What do you mean by semantic segmentation?

Semantic segmentation refers to the process of assigning labels to each pixel within an image. This contrasts with a classification that assigns a single label to all pixels. Semantic segmentation treats multiple objects belonging to the same class as one entity.

Image Source: Google

Instance segmentation, on the other hand, treats multiple objects in the same class as separate objects (or instances). Instance segmentation is typically more difficult than semantic segmentation.

  • Classical Methods

Segmentation at Gray Level

Semantic segmentation is the simplest type. It involves assigning labels to a region based on hard-coded rules. These rules can be described in terms of the properties of a pixel, such as its gray-level intensity. 

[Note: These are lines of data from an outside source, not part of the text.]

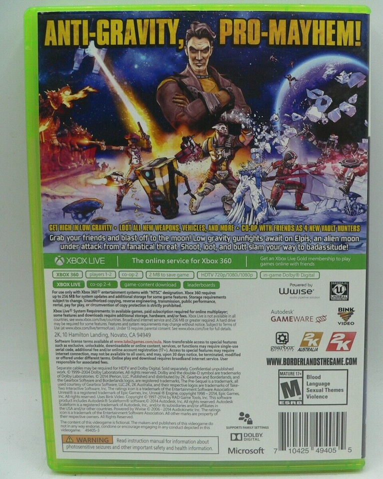 This lot of four games for Microsoft Xbox 360 includes Borderlands Pre-Sequel, Borderlands 2, GTA 4, and Madden 11. All of these games are compatible with the Microsoft Xbox 360 platform and are perfect for gamers who love action-packed gameplay and exciting storylines. The games are specifically designed for the Microsoft Xbox 360 and are made by Activision, a well-known brand in the gaming industry.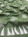 Foil print embellished like embroidered dola silk blend saree with tassel pallu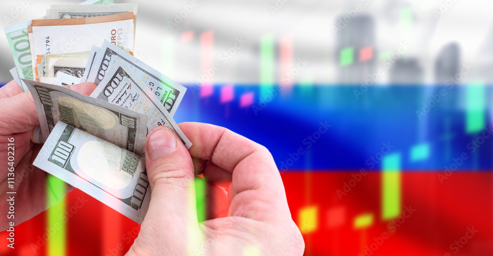 Business in Russia. Money in hands of man. Russian flag with investment charts. Growth quotes. Increasing number of investments in Russia. Economic growth concept. Investments in Russian federation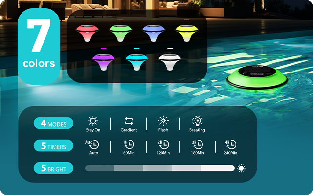 Smart Auto-On/Off Vibe Light Thanks to light-sensing technology, the smart vibe light automatically turns on at night and off during the day. It offers 7 colors, 4 lighting modes, 5 brightness levels, and 5 timers to choose from to meet your various needs.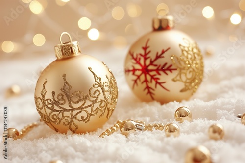 Elegant Golden Christmas Ornaments with Intricate Designs on Snowy Surface.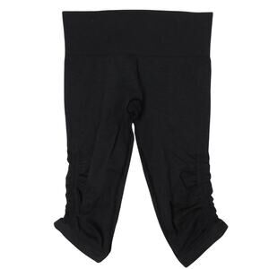 Lululemon The Flow Crop II Black Cropped Leggings with Ruching on Sides. Mid Rise Leggings in Size 6. Hole Between Legs Requires Repair. Right on the Seam, if You Know How to Sew,Tags Removed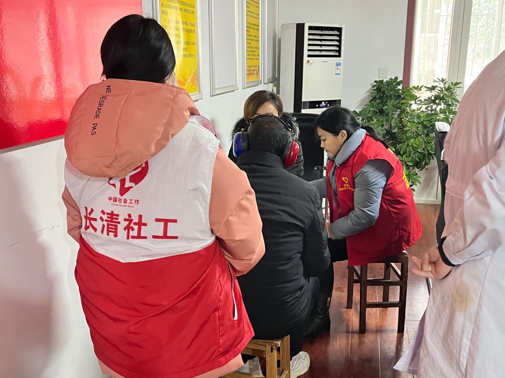 活动当天,志愿者们提前到达现场布置好医疗器材。在义诊环节社工耐心的为前来就诊的居民登记信息,引导居民有序排队。义诊志愿者们分工协作,有序为居民们进行检测问诊。眼科义诊志愿者利用专业检测仪器为辖区居民免费提供视力检查、眼压检查等项目,并根据居民检查结果提出诊疗建议。同时,志愿者也在现场普及眼科保健知识与眼病防护知识,增进辖区居民对于眼部疾病的了解,帮助社区居民养成良好的用眼卫生习惯。在检测过程中志愿者发现很多老人都患有白内障疾病,志愿者向老人们科普国家在2023年出台了白内障手术相关政策。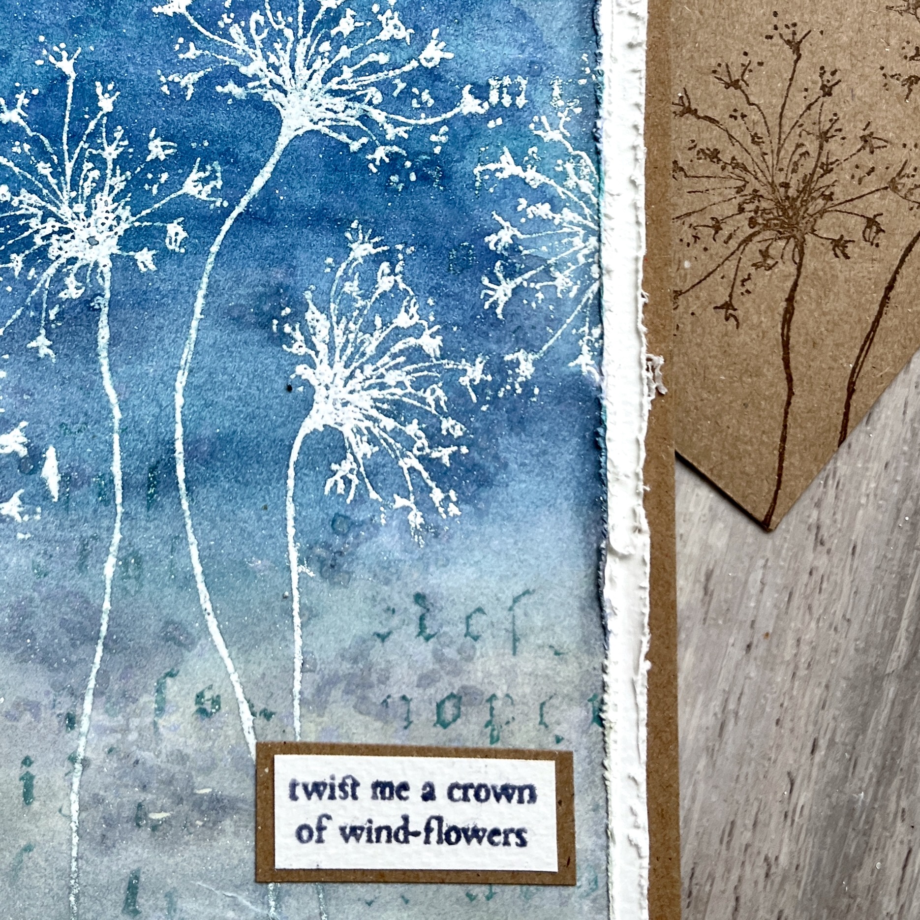 I couldn't resist having a play with some Wow Bright White embossing powder to bring a touch of frost to the umbel stems. I was out and about one frosty December morning, and I can still see in my mind (as well as in the literally hundreds of photos I took!) the glory of fields full of gnarled, twisted umbellifers and meadow grass stalks converted by a spiky hoar frost into magical, intricate sculptures.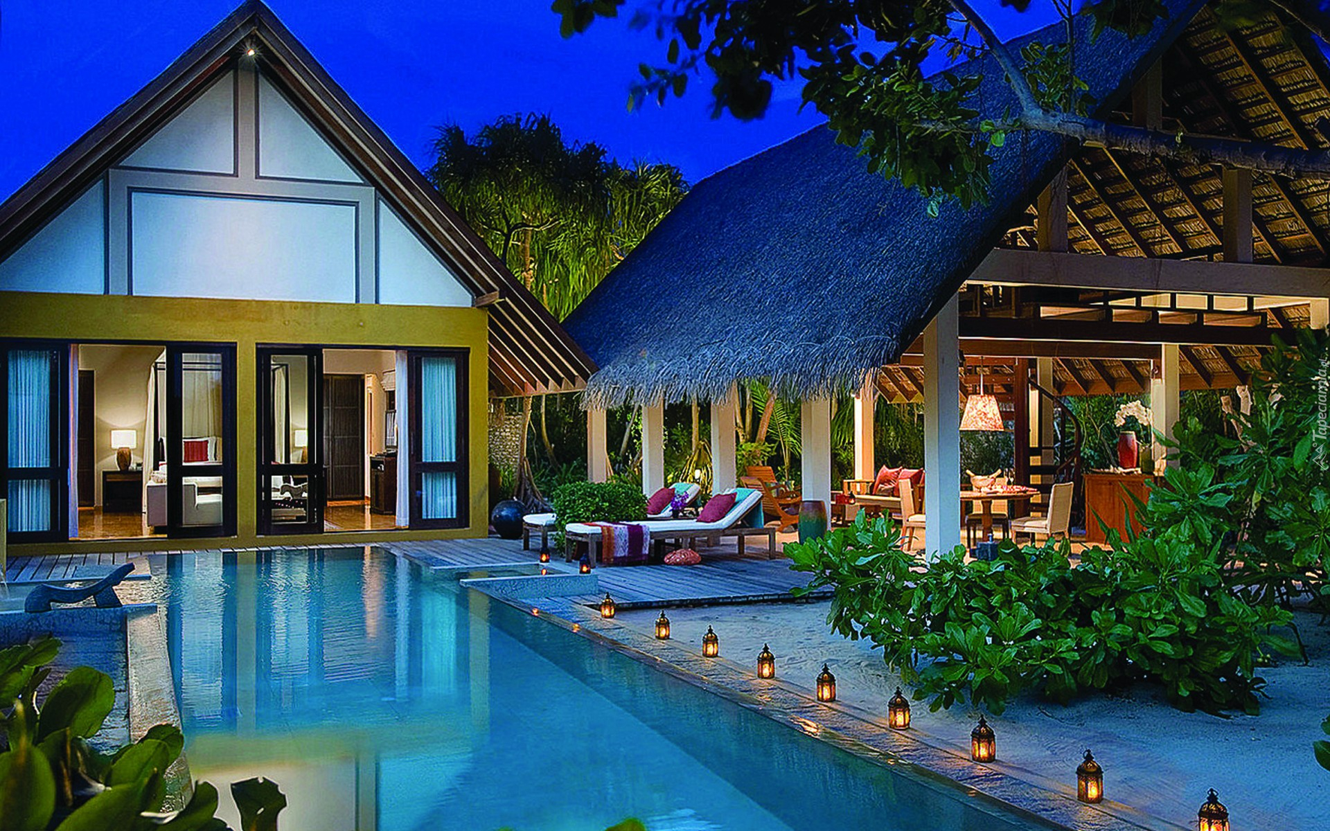 Edytor tapety: Dom, Pergola, Basen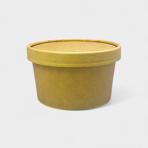 Χάρτινο Δοχείο Κraft Καφέ Στρογγυλό 435ml . Ιδανικό για take away & delivery ζεστών και κρύων τροφίμων όπως σούπες, noodles, ζυμαρικά, παγωτά κ.α. Είναι κατασκευασμένο από υψηλής ποιότητας χαρτιού, με εσωτερική πλαστικοποίηση εξασφαλίζοντας την αδιαβροχοποίηση. Το καφέ kraft υλικό είναι κατασκευασμένο από αλεύκαστο φυσικό καφέ kraft χαρτί και είναι μια φιλική προς το περιβάλλον και οικονομική επιλογή. Συνδυάζεται με χάρτινο κραφτ καπάκι καθώς και με διάφανο πλαστικό καπάκι. Πιστοποιημένο προϊόν για επαφή με τρόφιμα. Πλήρως διαμορφωμένο και έτοιμο για χρήση, προκειμένου να παρέχει στον επαγγελματία ταχύτερη τοποθέτηση του προϊόντος. Διαθέσιμο σε διάφορα μεγέθη.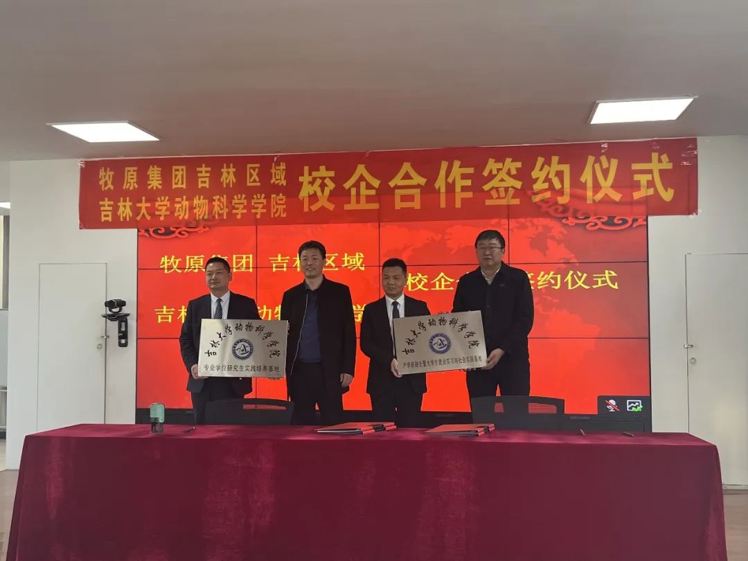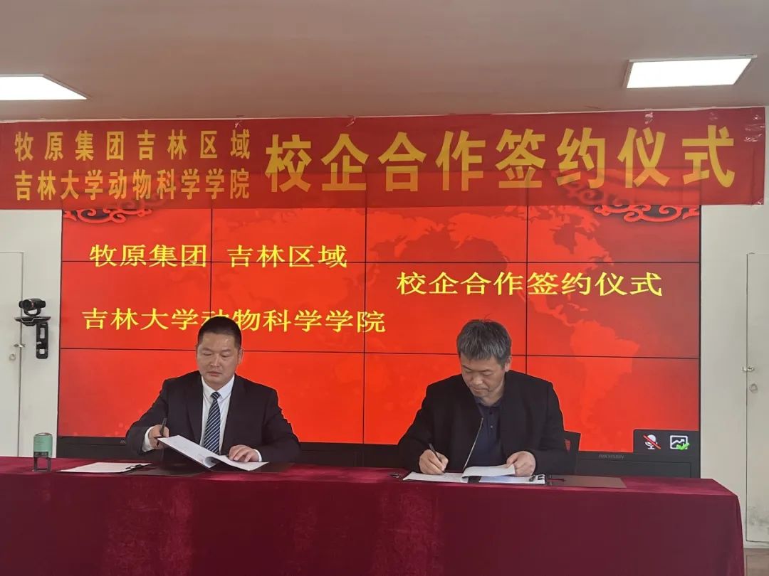 2023年4月26日下午,米乐mile官方网站与牧原集团吉林区域校企合作签约仪式在吉林农安顺利举办。牧原集团吉林区域总经理甄玉清,吉林区域生产总监金恩望,米乐mile官方网站院长孙博兴,副院长张明军,动物科学系教师梁爽、唐鸿宇,辅导员王可佳等参加仪式。仪式由牧原集团吉林区域人力资源总监于晓情主持。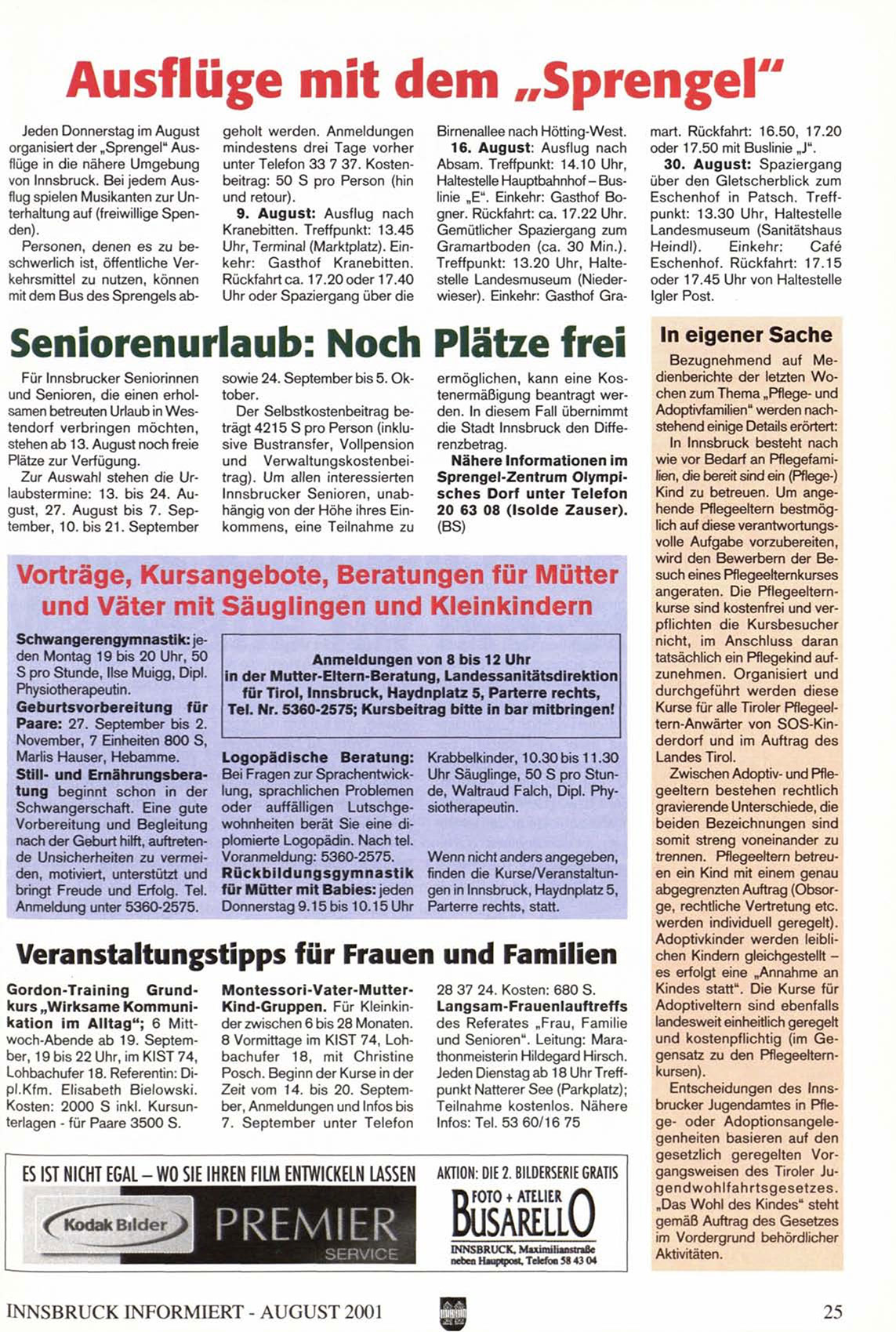 INNSBRUCK INFORMIERT - AUGUST 2001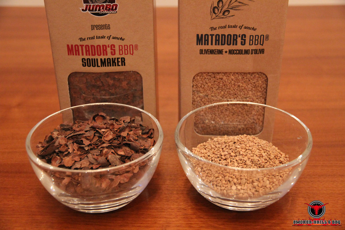 Es geht hier um einen Test von Smoking Chips in der Geschmacksrichtung „Soulmaker“, was aus Kakaoschalen besteht und „Nocciolino D’Oliva“Olivenkerne. Das kannten wir bis dato noch nicht und waren Feuer und Flamme auf die von Matador´s BBQ bereit gestellten Köstlichkeiten. Mittlerweile sind Holzchips, Räuchermehl und Chunks ein fester Bestandteil der Grillgutoptimierung, warum auch nicht Kakao und Oliven. Auf zum Test.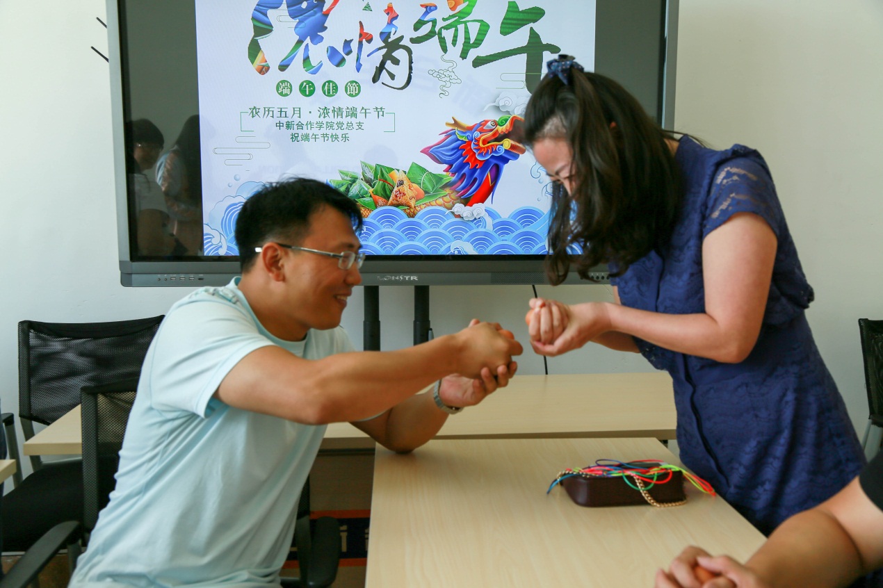 活动内容丰富多彩。“DIY五彩绳”活动激起了教职工们的学习制作热情,大家各显其能,编制花样繁多,纷纷为自己和家人献上节日的祝福。“顶鸡蛋”大赛掀起活动高潮,大家拿起自带的鸡蛋踊跃参赛,PK出了鸡蛋中的冠亚季军。活动的最后,大家一同观看了“经典诵读”——《离骚》配乐朗诵版视频,以此来纪念屈原。
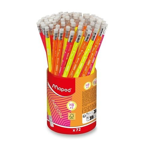 Stojánek 72 kusů dřevěných grafitových tužek Maped Neon s pryží v atraktivním neonovém designu. Mají vysoce kvalitní tuhu a trojhranný tvar pro lepší a pohodlnější uchopení.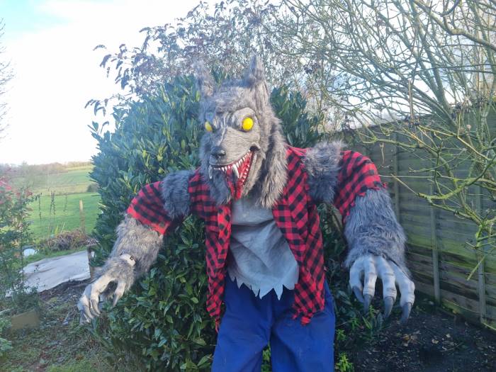 This werewolf is awesome! He has a lot of motion being how he leans over, mouth moves, and head turns side to side. When he is activated all motions move at once which makes him very lifelike. The face is very detailed which is great. The clothing feels quite nice quailty. The welding and framework is also fantastic, I can see it lasting a while.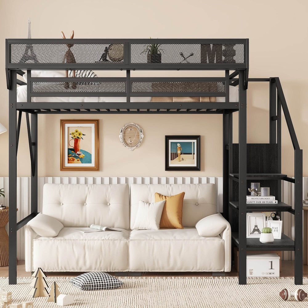 Designed for kids and teens, this twin size loft bed combines smart storage solutions with durable metal construction to create a functional and modern bedroom centerpiece. The high loft frame offers 54.3 inches of clearance underneath, perfect for adding a desk, sofa, or storage to maximize your room’s versatility. Integrated storage shelves next to the upper bed keep books and essentials within easy reach, while the staircase with built-in compartments adds both safety and extra organization space. A built-in wardrobe supports clothing and accessory storage, making this loft bed an all-in-one dorm or bedroom upgrade. Finished in sleek black metal, it balances strength and style, supporting up to 250 pounds for lasting stability. Elevate your living space with this multi-functional twin loft bed today.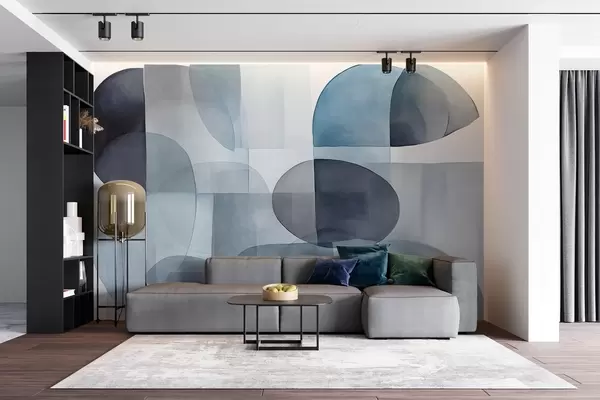 Fototapety Abstraktné textúrované tvary v odtieňoch šedej a modrej, tlmené tóny, minimalistická kompozícia, neutrálne pozadie Nr. w09467v1

Split and Merge is one example of this technique. This algorithm divides an image into sub-regions until it can be given a label. Then, it merges adjacent regions with the same label.

Conditional Random Fields

Segmenting an image can be done by training a model that assigns a class per pixel. If our model is imperfect, noisy results may result in segmentation that is not possible in the real world.

  • Deep Learning Methods

Deep Learning has made it possible to simplify the process of semantic segmentation. It is also producing impressive results. This section will discuss the most popular models and loss functions that are used to train deep learning methods.

Model Architectures

The Fully Convolutional Network (FCN) is one of the most popular and simple architectures for semantic segmentation. The paper FCN for Semantic Segmentation uses the downsample of the data pictures to a shorter size while getting more ways through a series of convolutions. 


The U-Net architecture is an upgrade of the FCN architecture. It uses skip connections to connect the output of convolution blocks with the corresponding input from the transposed-convolution bloc at the same level.